Histological analysis and hepatic metabolites in 66–88 week-old wild-type, rAAV-treated G6pc−/− mice, and HCA/HCC lesions. The data were analyzed for wild-type (+/+, n = 12), AAV-NT (n = 22), and the single HCA-bearing mice after 24 hours of fasting. The 2 HCC-bearing mice did not undergo fasting. (A) H&E stained liver sections. In HCA-bearing liver, the HCA lesion is denoted by arrows. In HCC-1 and HCC-2, arrows denote anisocytotic and anisokaryotic hepatocytes. Scale bar: 200 μm. (B) Hepatic glucose levels. (C) Hepatic triglyceride and lactate levels. Data represent the mean ± SEM; **P < 0.005.

Fig. 4

Hepatic ChREBP signaling in 66–88 week-old rAAV-treated G6pc−/− mice.
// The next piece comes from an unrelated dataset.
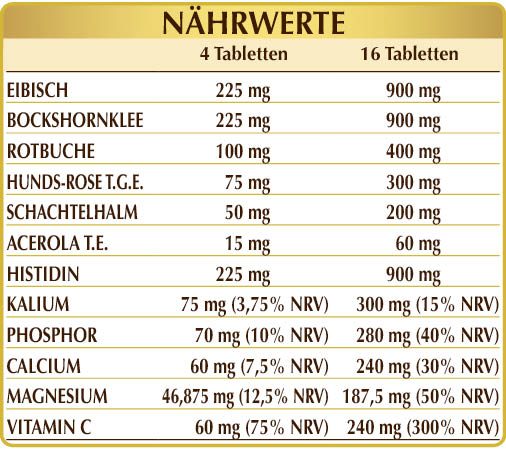 Dibasisches Kalziumphosphat, Eibisch (Althea officinalis) Wurzeln Pulv, Bockshornklee (Trigonella foenum-graecum) Samen Pulv, (L-)Histidin, mikrokristalline Cellulose°, Gummi Arabicum°, Magnesiumcarbonat, dibasisches Kaliumphosphat, Rotbuche (Fagus sylvatica) Teer oder Pech (Pix), Hunds-Rose (Rosa canina) Früchte T.E. (titriert mit 70% Vitamin C), Siliciumdioxid°°, Schachtelhalm oder Pferdeschwanz (Equisetum arvense) Kraut Pulv, Acerola (Malpighia glabra) Früchte T.E. (titriert mit 50% Vitamin C), Magnesiumstearat Pflanzlichen Ursprungs°°. Pulv. = Pulver °Füllstoff °°Trennmittel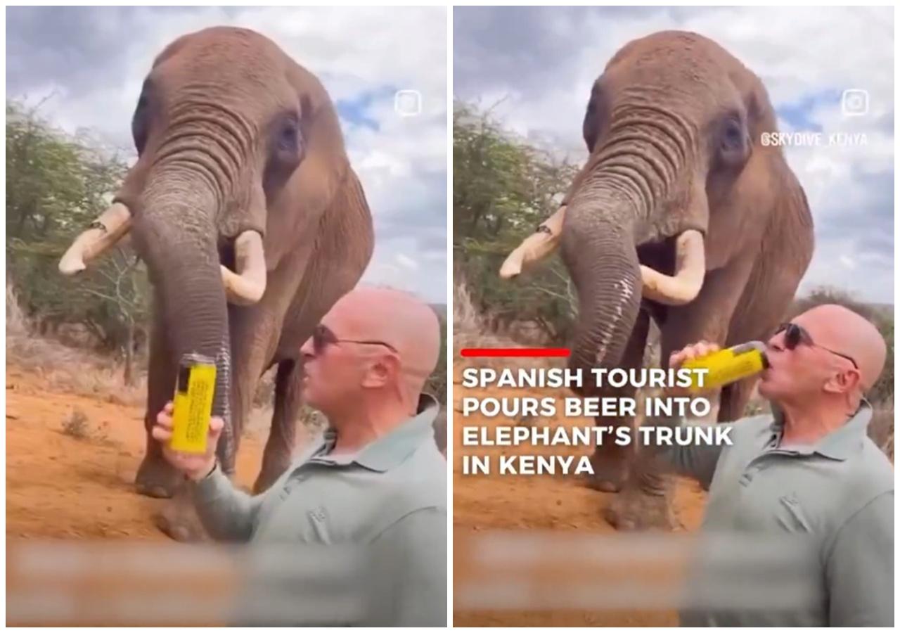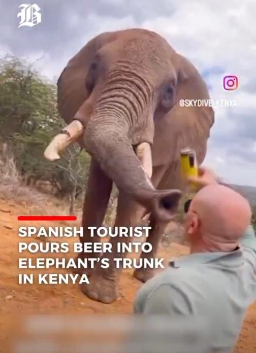 不少遊客都到非洲親眼一看當地的野生動物,近日卻有一名西班牙男子在肯雅旅遊期間,有幸與大象近距離接觸,他卻不珍惜愛護,竟然把啤酒倒進大象鼻子,還得意洋洋的拍片並分享網上,隨即引起大批網民炮轟批評,才將影片刪除。

For hepatic G6P and quantitative RT-PCR, the data were analyzed for wild-type (+/+, n = 12) and AAV-NT (n = 22) mice after 24 hours of fasting. (A) Quantification of G6pt, Chrebp and Mlx mRNA by real-time RT-PCR. (B) Hepatic G6P contents. (C) Immunohistochemical analysis of hepatic ChREBP nuclear localization and quantification of nuclear ChREBP-translocated cells. Representative plates shown are at magnifications of x400, analyzed in wild-type (+/+, n = 5), AAV-NT, including AAV (n = 6), and AAV-low-NT (n = 6) mice. Data represent the mean ± SEM; **P < 0.005.